Donald L. Knapp, Esq.

While Philip Seymour Hoffman’s death has focused attention upon the severe consequences of heroin addiction, his death can also provide lessons for families who do not have an estate plan.  In addition to three children born of his longtime companion, Marianne O’Donnell (“O’Donnell”),
Philip Seymour Hoffman (“Hoffman”) also left a sizable estate worth approximately $35 million. Even though most of us will not amass that level of wealth, it is not impossible for a small business owner or professional who is a prudent investor to have a net worth that approaches $5 million.  More importantly, most married couples will have children that they will want to protect in the event of an untimely death.

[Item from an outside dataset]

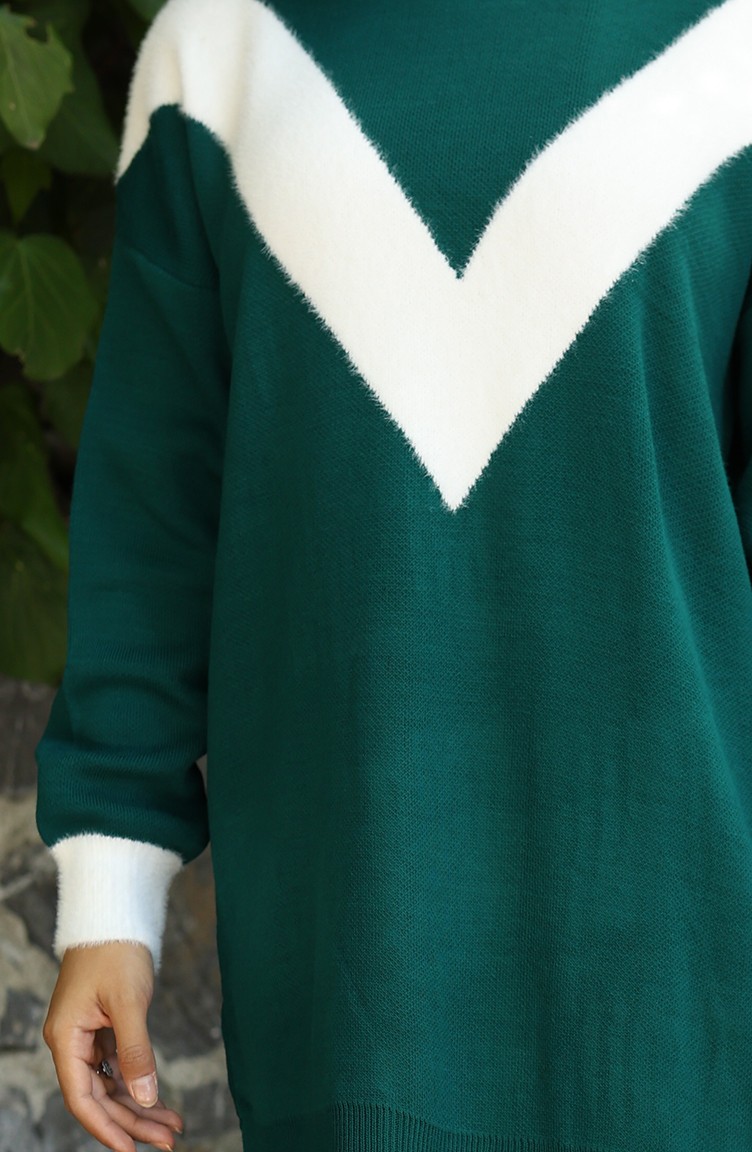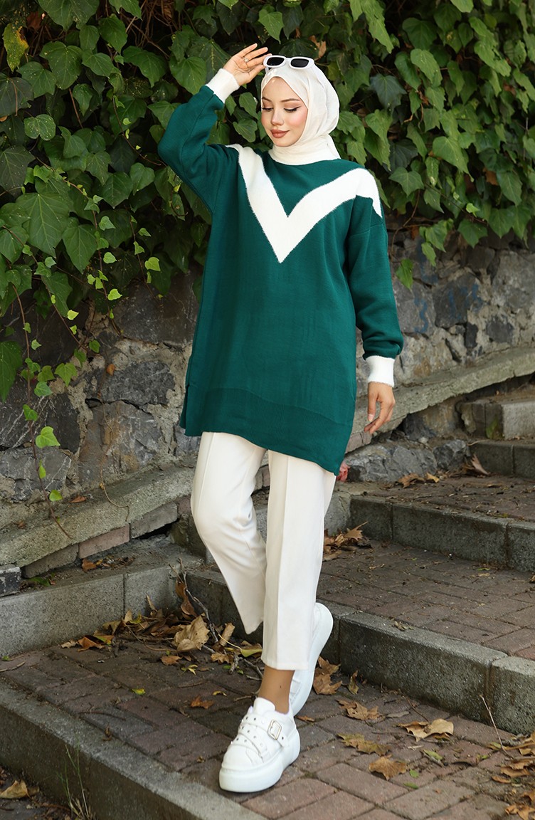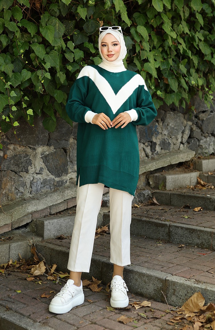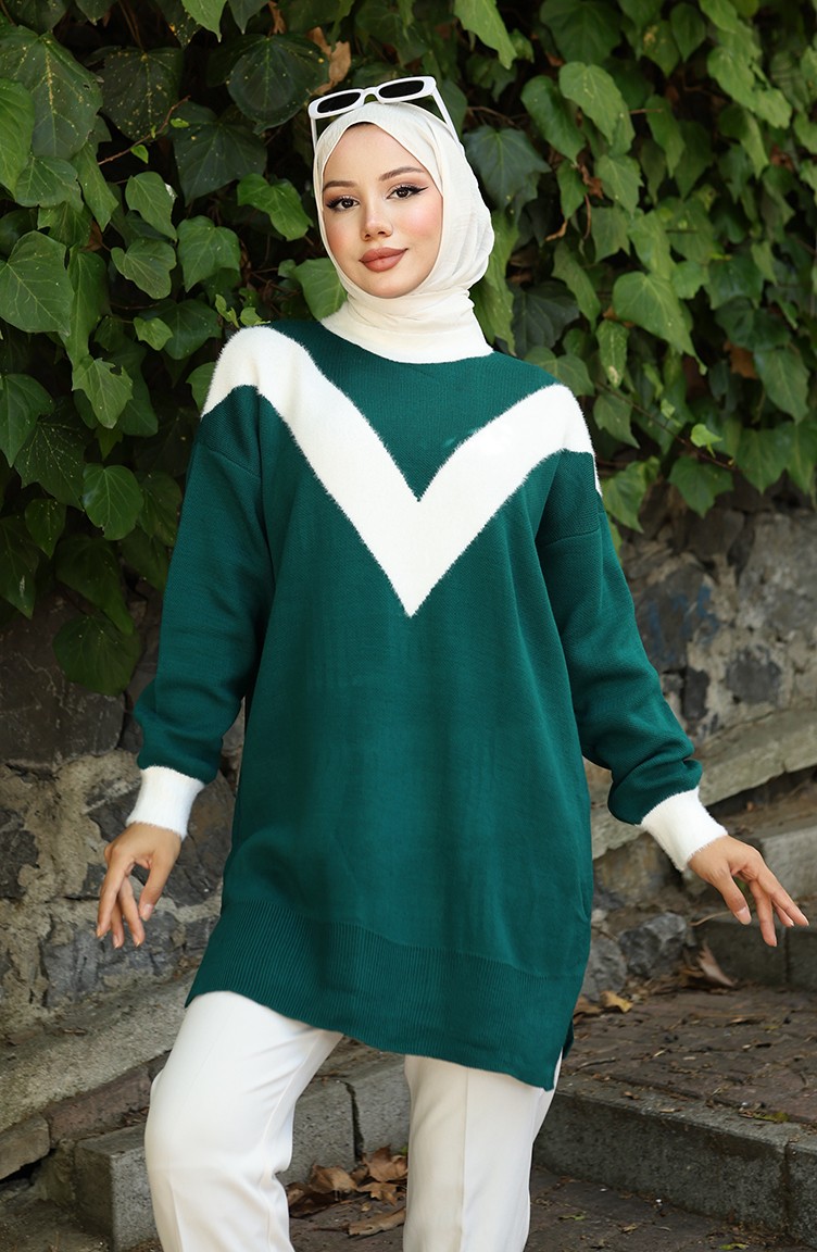 Breiwerk V-patroon Met Garnering Tuniek 3017-08 Petrol 3017-08

A review of Hoffman’s Last Will and Testament (“Will”) reveals that his attorney did not due him any tax favors.   First, because Hoffman did not shelter any of his wealth, he will be paying approximately $11.46 million in Estate taxes.  The Estate Tax, which is also known as the death tax, taxes property that you own at the time of your death, such as cash, securities, real estate, annuities, and insurance.  In 2014, the first $5.34 million is exempt from the Estate Tax; however, the IRS will impose a 40% tax on all property that exceeds that amount.  Because you can give an unlimited amount of money to your spouse throughout life or as part of an estate plan, if Hoffman had married O’Donnell his estate could have passed directly to her without the requirement to pay any such taxes.  However, because O’Donnell was simply Hoffman’s “companion”, no such tax breaks are available.

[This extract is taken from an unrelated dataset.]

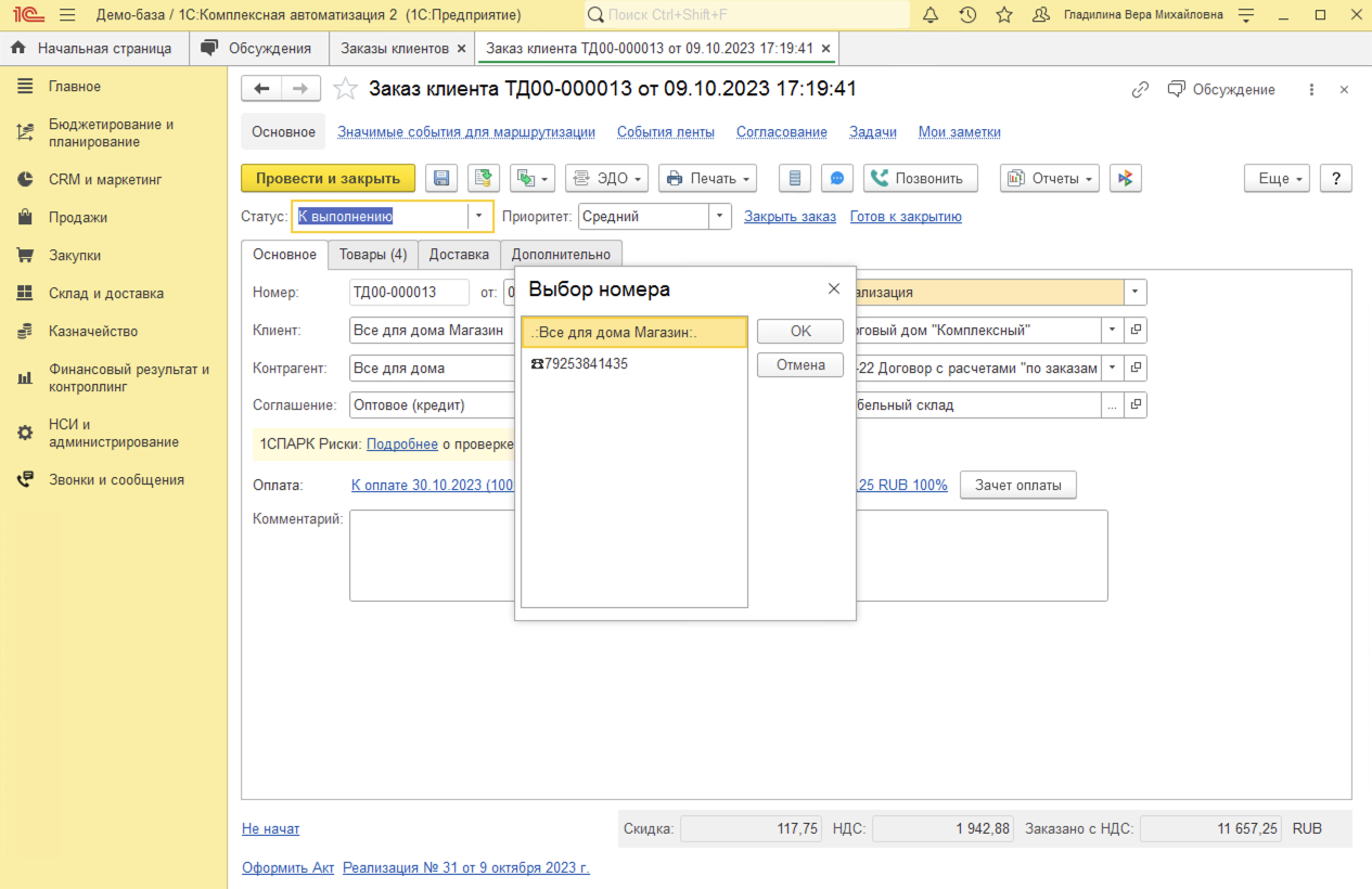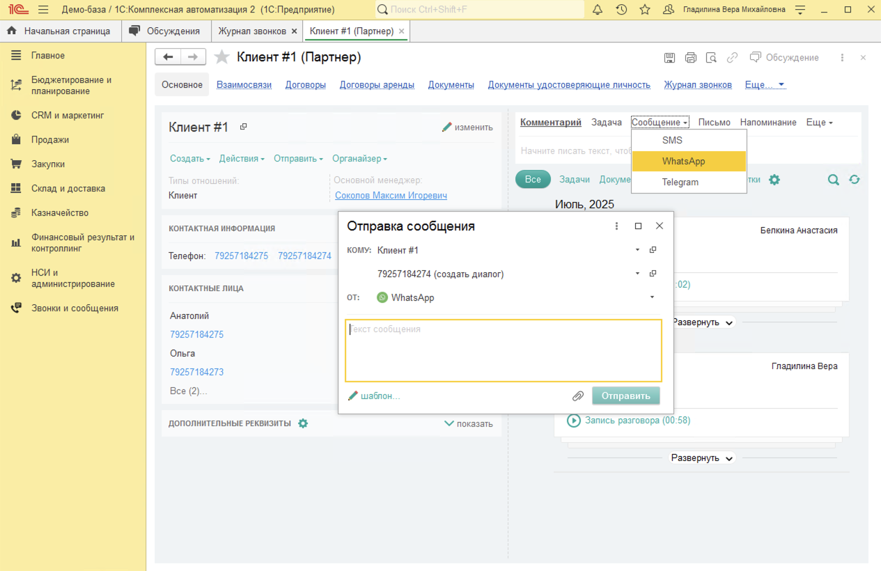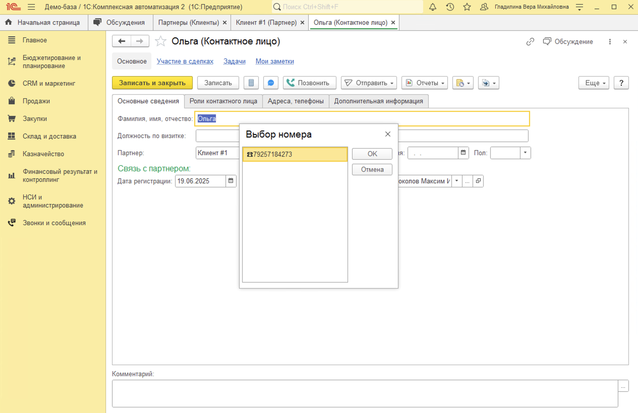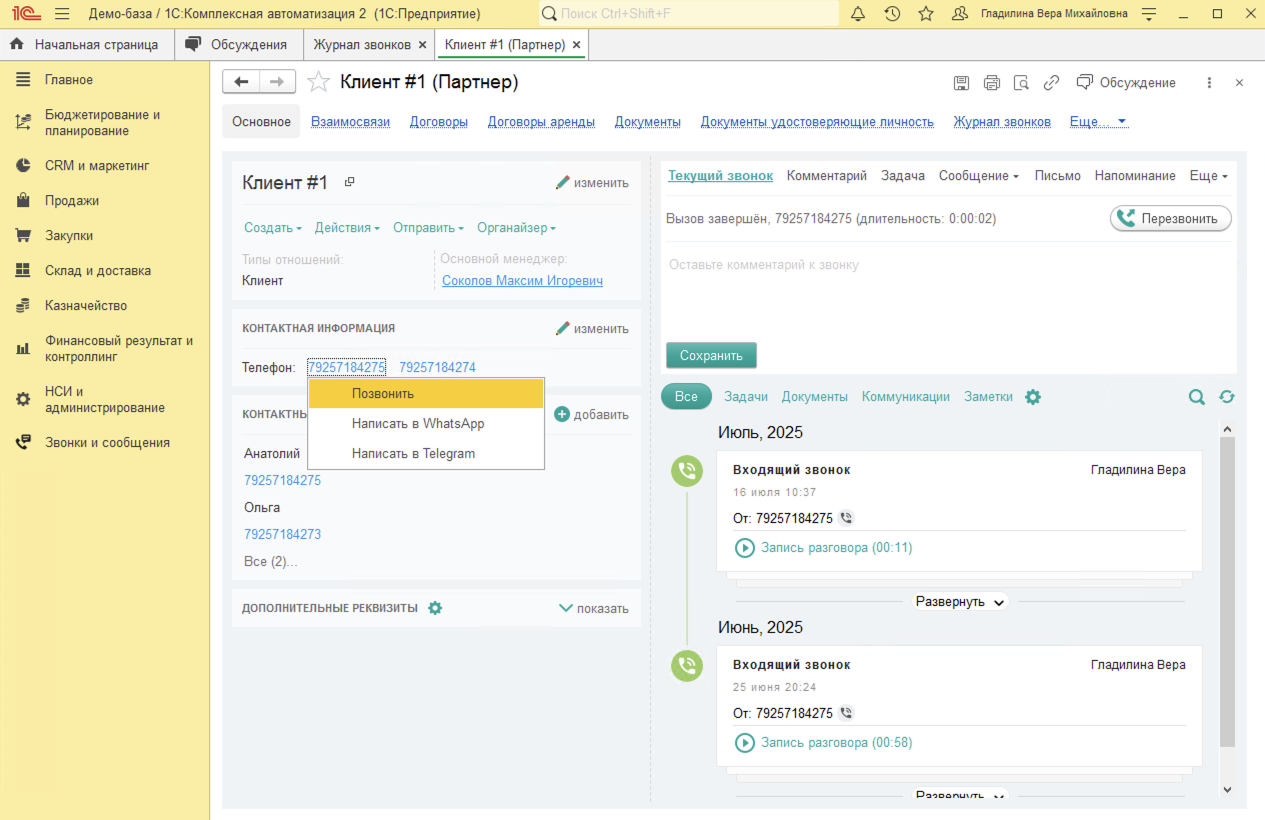 Исходящие звонки в 1С:Комплексная автоматизация совершаются всего в 1 клик из карточки Партнера (Клиента), карточки Контактного лица, Заказа клиента или документа Лента (доработанная Карточка клиента).

Hoffman’s will is also problematic because it only makes reference to his oldest son, Cooper, not his daughters, Tallulah and Willa, who were born after the Will was executed.  In fact, it does not contemplate any children that he may have later.    Typically, wills contain language which provides equally for children specifically named in it as well as children born after the Will is drafted.  Hoffman’s Will contains no such language.  While O’Donnell will undoubtedly have full custody of the three children, it is possible that the children will have disparate amounts depending upon whether Hoffman made O’Connell or his children as beneficiaries of his bank accounts.

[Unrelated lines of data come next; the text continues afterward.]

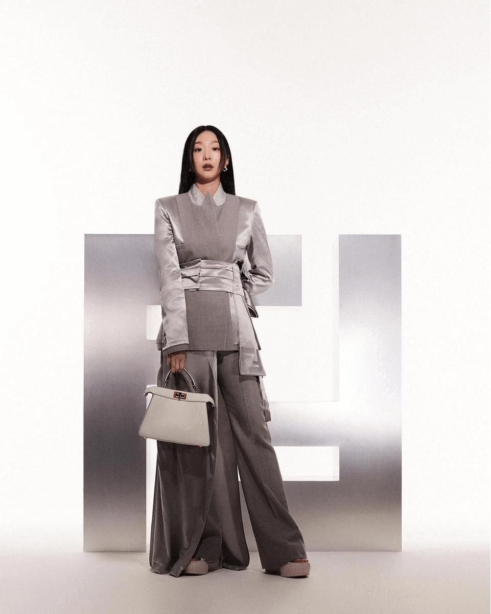 作為Fendi韓國地區大使的金多美,今年2月出席Fendi「Palazzo Fendi Seoul」旗艦店活動,她以銀灰色套裝出席,西裝面料與緞面材質優雅並存,標誌性的俐落黑色公主切髮型將其率性瀟灑的一面展露出來。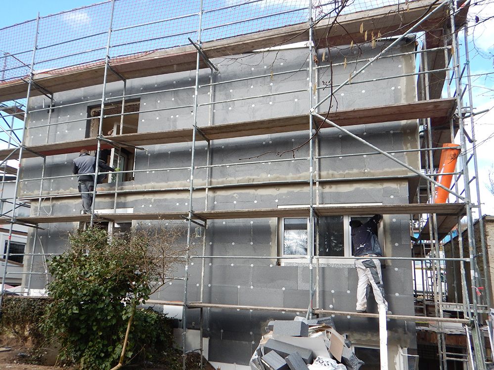 Im Zuge der Sanierung wurde die Gebäudehülle durch eine Außendämmung, durch neue Fenster und eine Aufdachdämmung ertüchtigt. Der Ölkessel aus der Erbauerzeit wurde durch einen Ölbrennwertkessel ersetzt, weil die unterirdische Öllagerungsanlage weiter benutzt werden konnte. Die vorher dezentrale Warmwasserversorgung läuft jetzt zentral über die Heizanlage. Das Ergebnis aller energetischen Maßnahmen ist ein KfW-100 Effizienzhaus.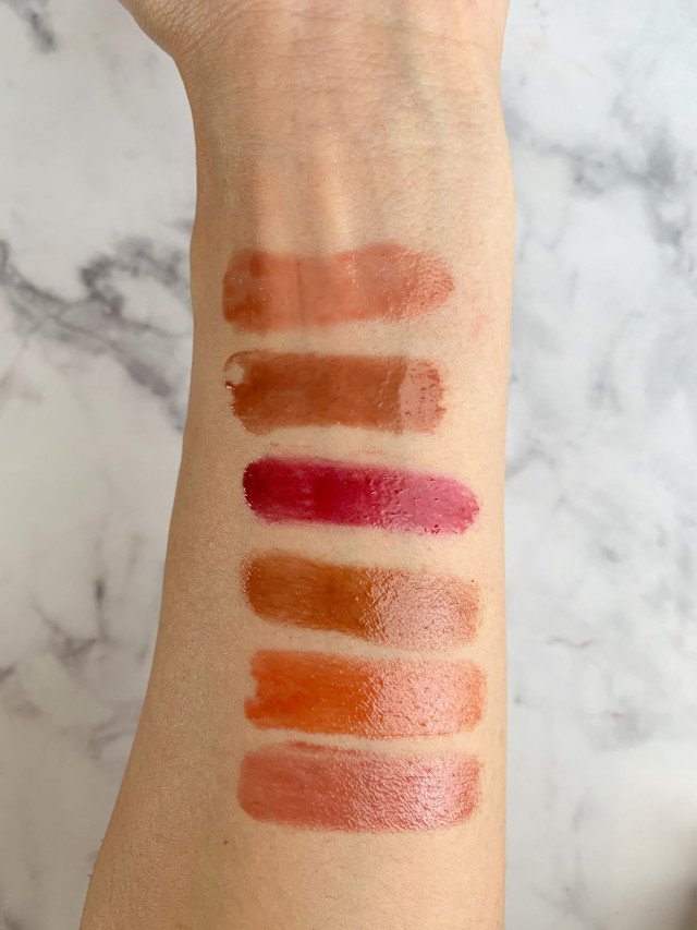 左から、「02 あざとORANGE」、「03 こなれBBEIGE」、「06 きまぐれBROWN」、「07 束縛RED」、「09 無敵テラコッタ」、「103 引きよせAPRICOT(限定)」、「104 脈ありPINK(限定)」。

In short, marriage status and a properly drafted estate plan could have avoided much of the mess that Hoffman left for his companion to clean up.  Ultimately, whether you are fortunate to have substantial assets or whether you simply blessed with children and a comfortable lifestyle, it is important to plan for the unexpected so that your family is protected and they are the primary beneficiaries of your hard work, not the IRS.